WHAT IS NEEDED:
I'd like the data beneath this line reproduced exactly, without any of its images.

DATA PROVIDED:
━━━━
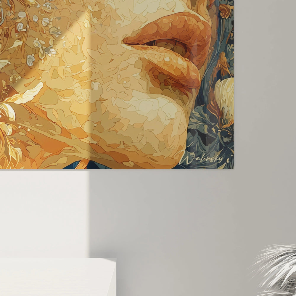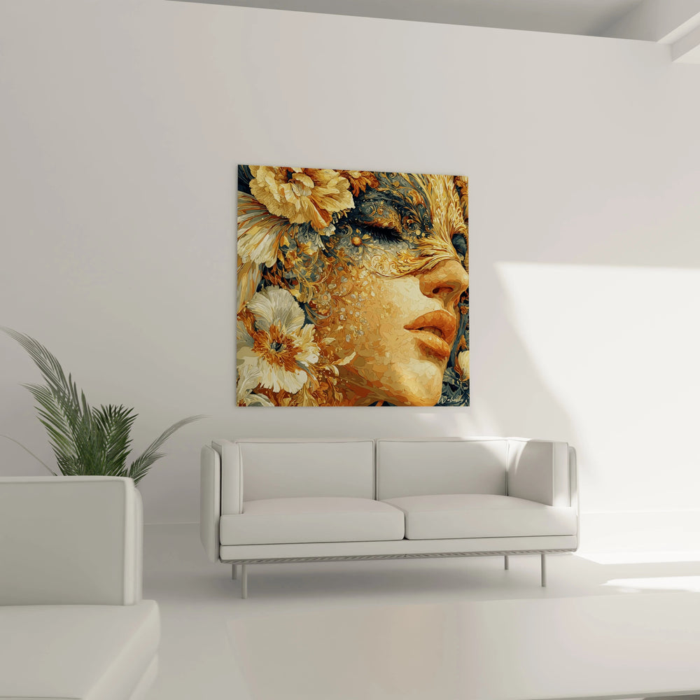 Cette œuvre d'art présente un tableau visage féminin orné de fleurs dorées d'une beauté saisissante. Le portrait révèle une femme au regard contemplatif, entourée d'une composition florale luxuriante aux tons chauds. Cette décoration murale visage féminin se distingue par son style artistique raffiné mêlant réalisme et ornements décoratifs. Les fleurs dorées et cuivrées créent un cadre naturel autour du visage, générant une atmosphère à la fois douce et majestueuse. L'ensemble forme un tableau visage féminin style baroque contemporain qui capte immédiatement l'attention par sa richesse visuelle et son élégance intemporelle.
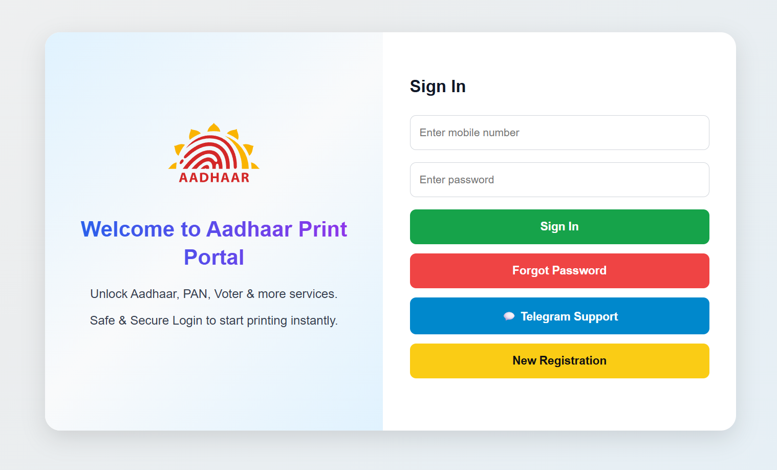 The Aadhaar Print Portal operates strictly for authorized and verified document access. All transactions must comply with UIDAI, NSDL, EPIC, and other government regulatory guidelines. Unauthorized duplication or misuse of identity documents is strictly prohibited.
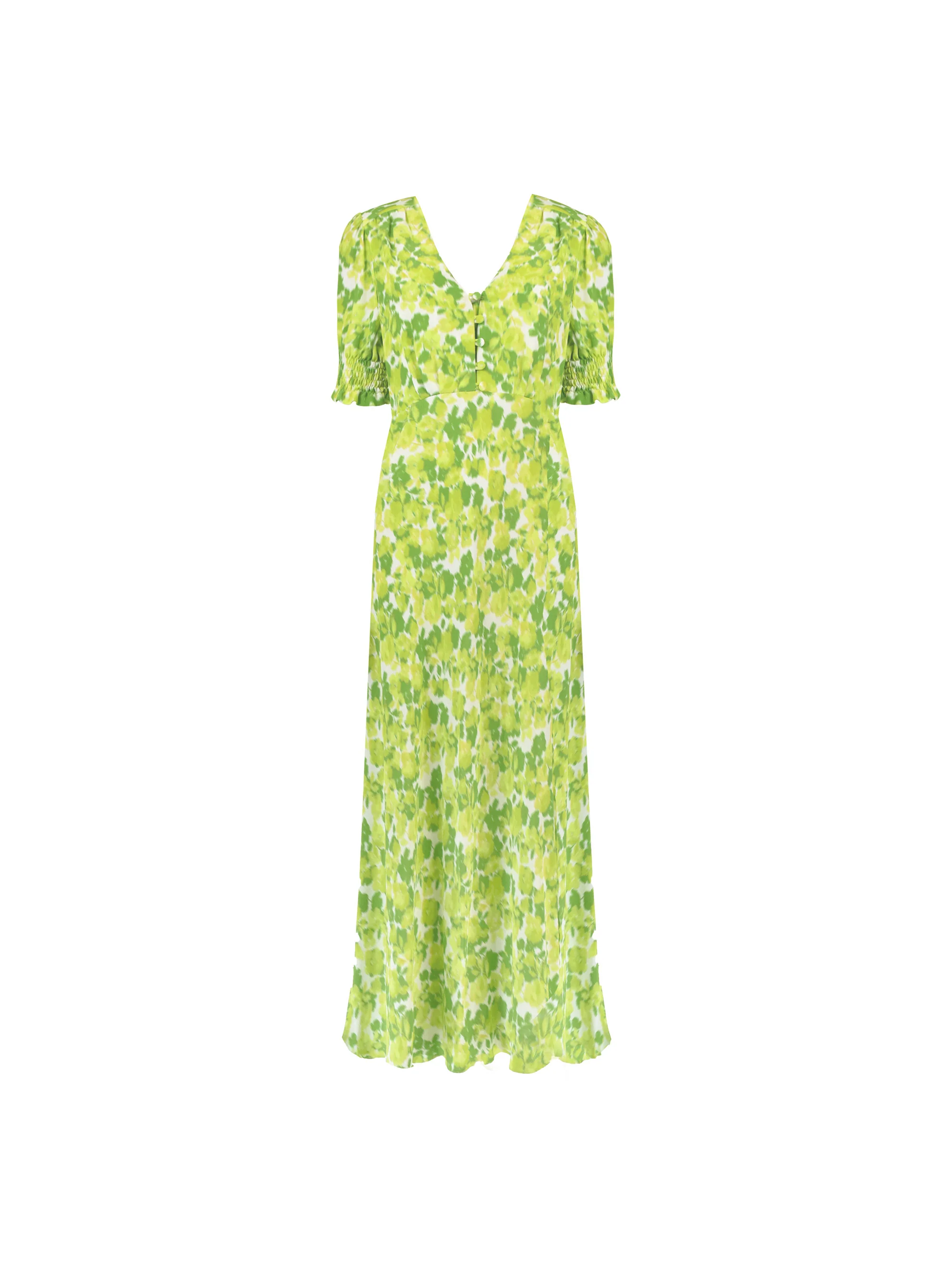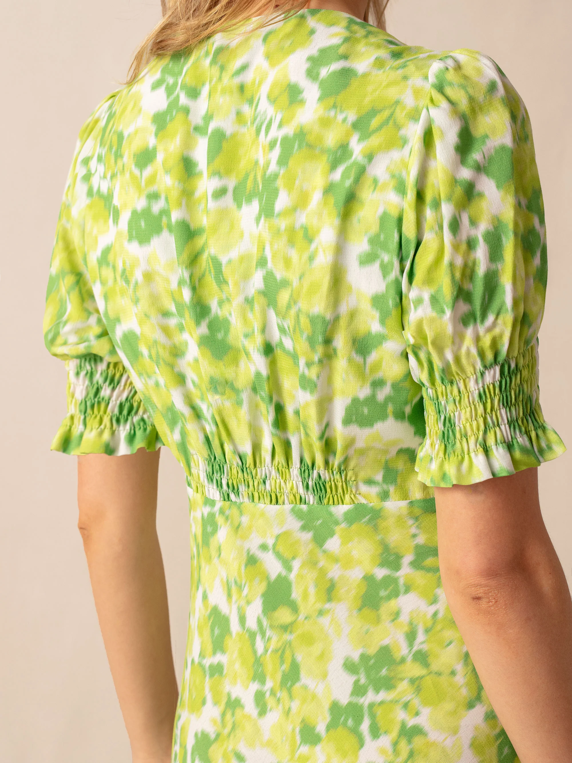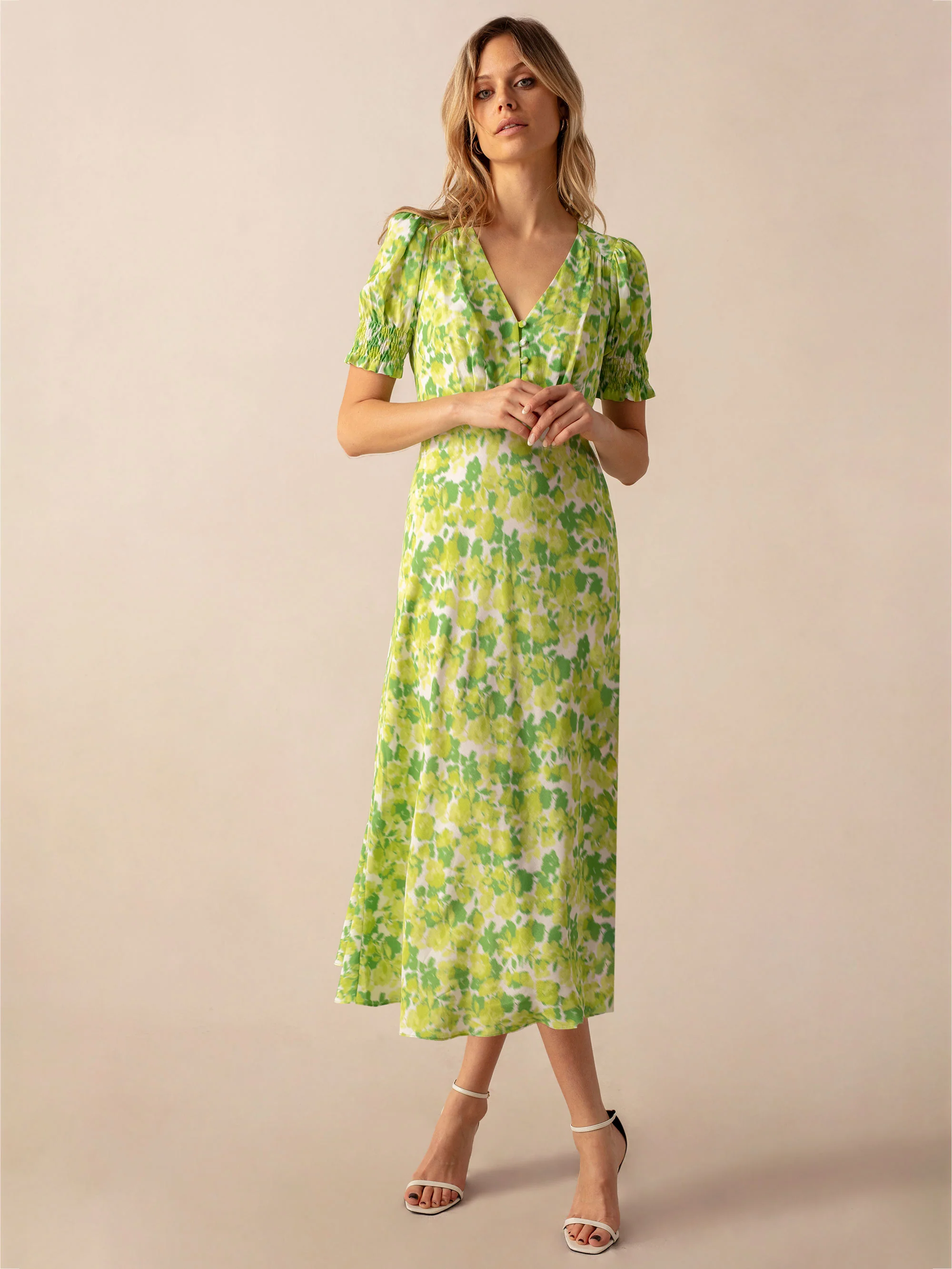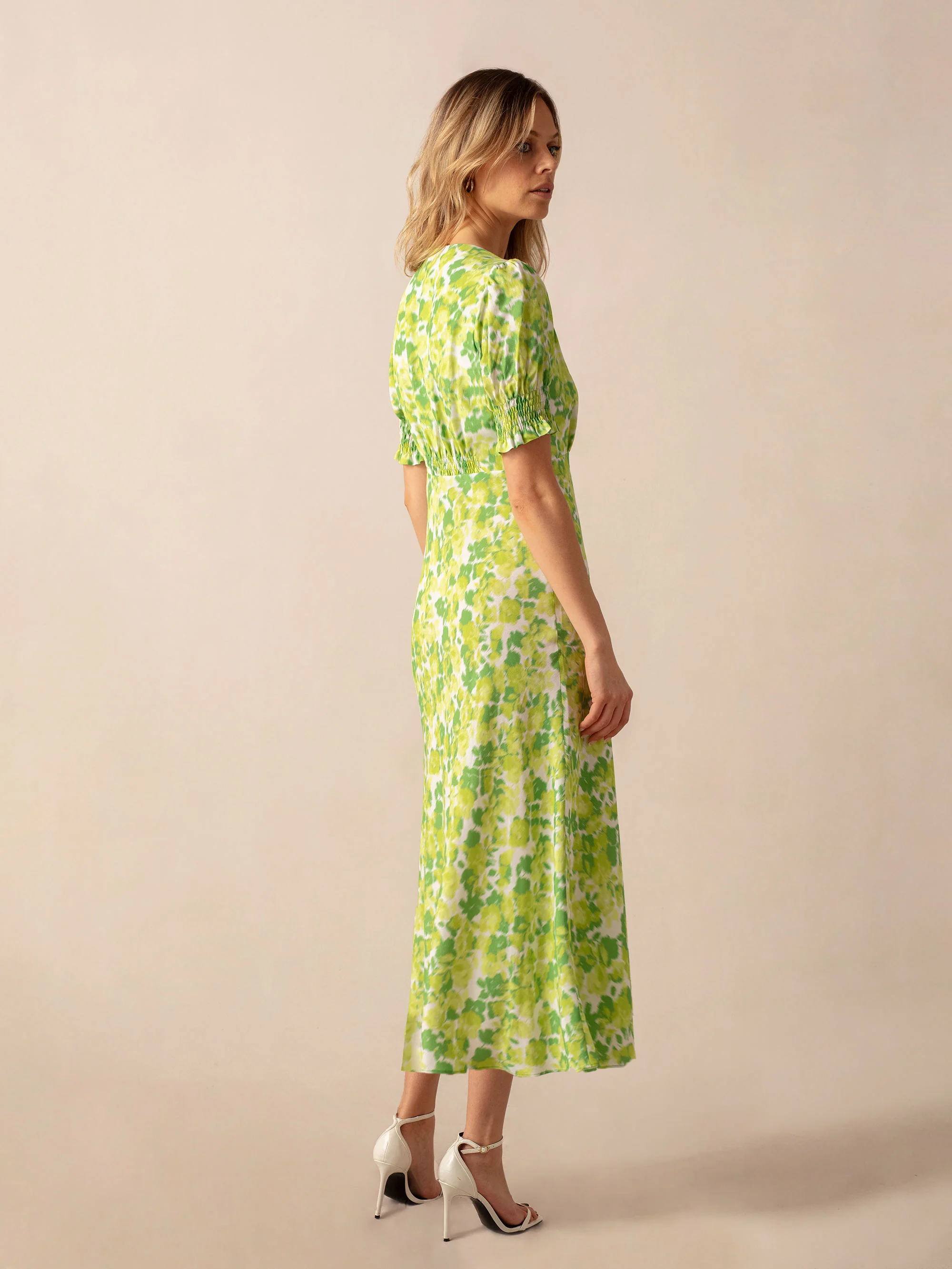Green Botanical Floral Print Shirred Cuff Midi Dress
━━━━
RESPONSE BELOW:
 Cette œuvre d'art présente un tableau visage féminin orné de fleurs dorées d'une beauté saisissante. Le portrait révèle une femme au regard contemplatif, entourée d'une composition florale luxuriante aux tons chauds. Cette décoration murale visage féminin se distingue par son style artistique raffiné mêlant réalisme et ornements décoratifs. Les fleurs dorées et cuivrées créent un cadre naturel autour du visage, générant une atmosphère à la fois douce et majestueuse. L'ensemble forme un tableau visage féminin style baroque contemporain qui capte immédiatement l'attention par sa richesse visuelle et son élégance intemporelle.
 The Aadhaar Print Portal operates strictly for authorized and verified document access. All transactions must comply with UIDAI, NSDL, EPIC, and other government regulatory guidelines. Unauthorized duplication or misuse of identity documents is strictly prohibited.
Green Botanical Floral Print Shirred Cuff Midi Dress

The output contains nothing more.